As Robert Solow showed, most of the gains in productivity of the first half of the twentieth century can be attributed not to labour and capital but to the collective effort behind technical change. And this is due not only to improved education and infrastructure, but also, as discussed in the previous chapter, to the collective efforts behind some of the most radical technical changes where the public sector has historically taken a lead role – ‘the entrepreneurial state’. 72But the socialization of risks has not been accompanied by socialization of rewards.
The issue, then, is how the state can reap some return from its successful investments (the ‘upside’) to cover the inevitable losses (the ‘downside’) – not least, to finance the next round of investments. This can be done in various ways, as discussed in Chapter 7, whether through equity-holding, conditions on reinvestment, caps on prices, or the need to keep patents as narrow as possible.

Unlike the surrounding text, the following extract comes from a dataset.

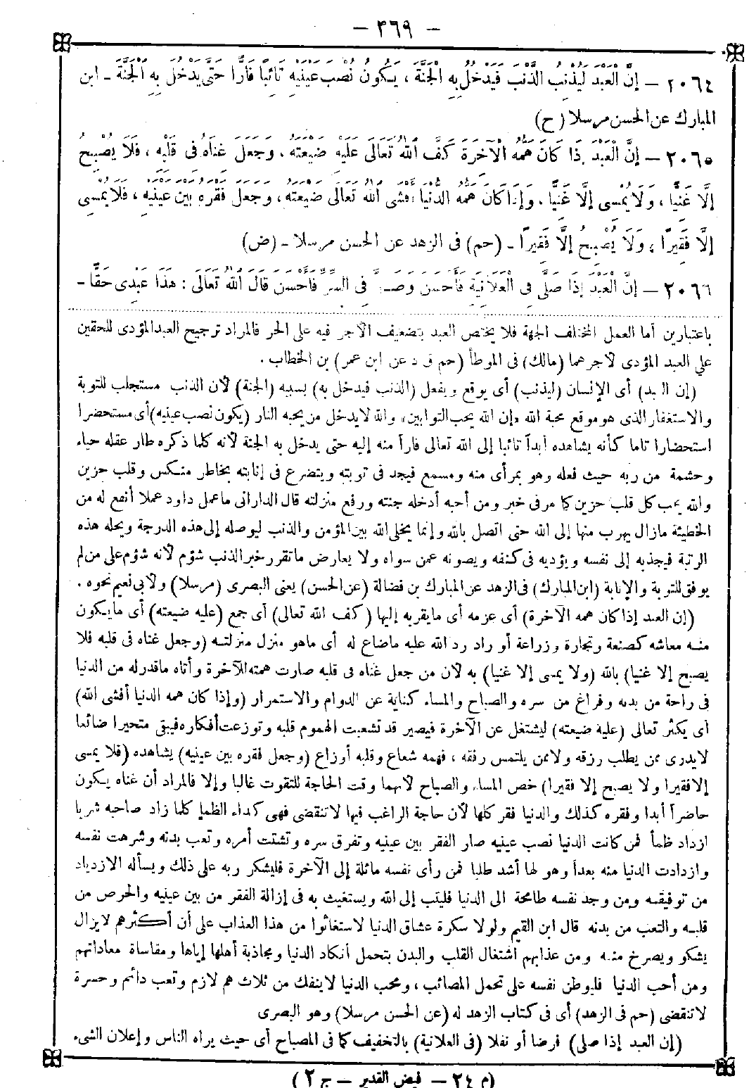 2065 - (إن العبد إذا كان همه الآخرة) أي عزمه أي ما يقربه إليها (كف الله تعالى) أي جمع (عليه ضيعته) أي ما يكون منه معاشه كصنعة وتجارة وزراعة أو راد رد الله عليه ما ضاع له أي ما هو منزل منزلته (وجعل غناه في قلبه فلا يصبح إلا غنيا) بالله (ولا يمسي إلا غنيا) به لأن من جعل غناه في قلبه صارت همته للآخرة وأتاه ما قدر له من الدنيا في راحة من بدنه وفراغ من سره والصباح والمساء كناية عن الدوام والاستمرار (وإذا كان همه الدنيا أفشى الله) أي يكثر تعالى (عليه ضيعته) ليشتغل عن الآخرة فيصير قد تشعبت الهموم قلبه وتوزعت أفكاره فيبقى متحيرا ضائعا لا يدري ممن يطلب رزقه ولا ممن يلتمس رفقه فهمه شعاع وقلبه أوزاع (جعل فقره بين عينيه) يشاهده (فلا يمسي إلا فقيرا ولا يصبح إلا فقيرا) خص المساء والصباح لأنهما وقت الحاجة للتقوت غالبا وإلا فالمراد أن غناه يكون حاضرا أبدا وفقره كذلك والدنيا فقر كلها لأن حاجة الراغب فيها لا تنقضي فهي كداء الظمأ كلما زاد صاحبه شربا ازداد ظمأ فمن كانت الدنيا نصب عينيه صار الفقر بين عينيه وتفرق سره وتشتت أمره وتعب بدنه وشرهت نفسه وازدادت الدنيا منه بعدا وهو لها أشد طلبا فمن رأى نفسه مائلة إلى الآخرة فليشكر ربه على ذلك ويسأله الازدياد من توفيقه ومن وجد نفسه طامحة إلى الدنيا فليتب إلى الله ويستغيث به في إزالة الفقر من بين عينيه والحرص من قلبه والتعب من بدنه. قال ابن القيم: ولولا سكرة عشاق الدنيا لاستغاثوا من هذا العذاب على أن أكثرهم لا يزال يشكو ويصرخ منه ومن عذابهم اشتغال القلب والبدن بتحمل أنكاد الدنيا ومجاذبة أهلها إياها ومقاساة معاداتهم ومن أحب الدنيا فليوطن نفسه على تحمل المصائب ومحب الدنيا لا ينفك من ثلاث هم لازم وتعب دائم وحسرة لا تنقضي

FROM PUBLIC GOODS TO PUBLIC VALUE
In this chapter we have considered the biased way in which government activity in the economy is viewed. The role of government is often limited to ‘fixing problems’; it must not over-reach itself, government failures being regarded as worse than market failures. It should have a light touch on the economic tiller and fix the basics by investing in areas like skills, education and research, but not go as far as to produce anything. And should government be productive, as state-owned enterprises are, our way of accounting for GDP does not recognize it as public production.
Indeed, almost nothing that government does is considered to fall within the production boundary. Government spending is seen purely as expenditure and not as productive investment. While that spending might be regarded by some as socially necessary and by others as unnecessary and better done by the private sector, neither side has made a robust case for government activity as productive and essential to creating a dynamic capitalist economy. Too often ideology has won over experience.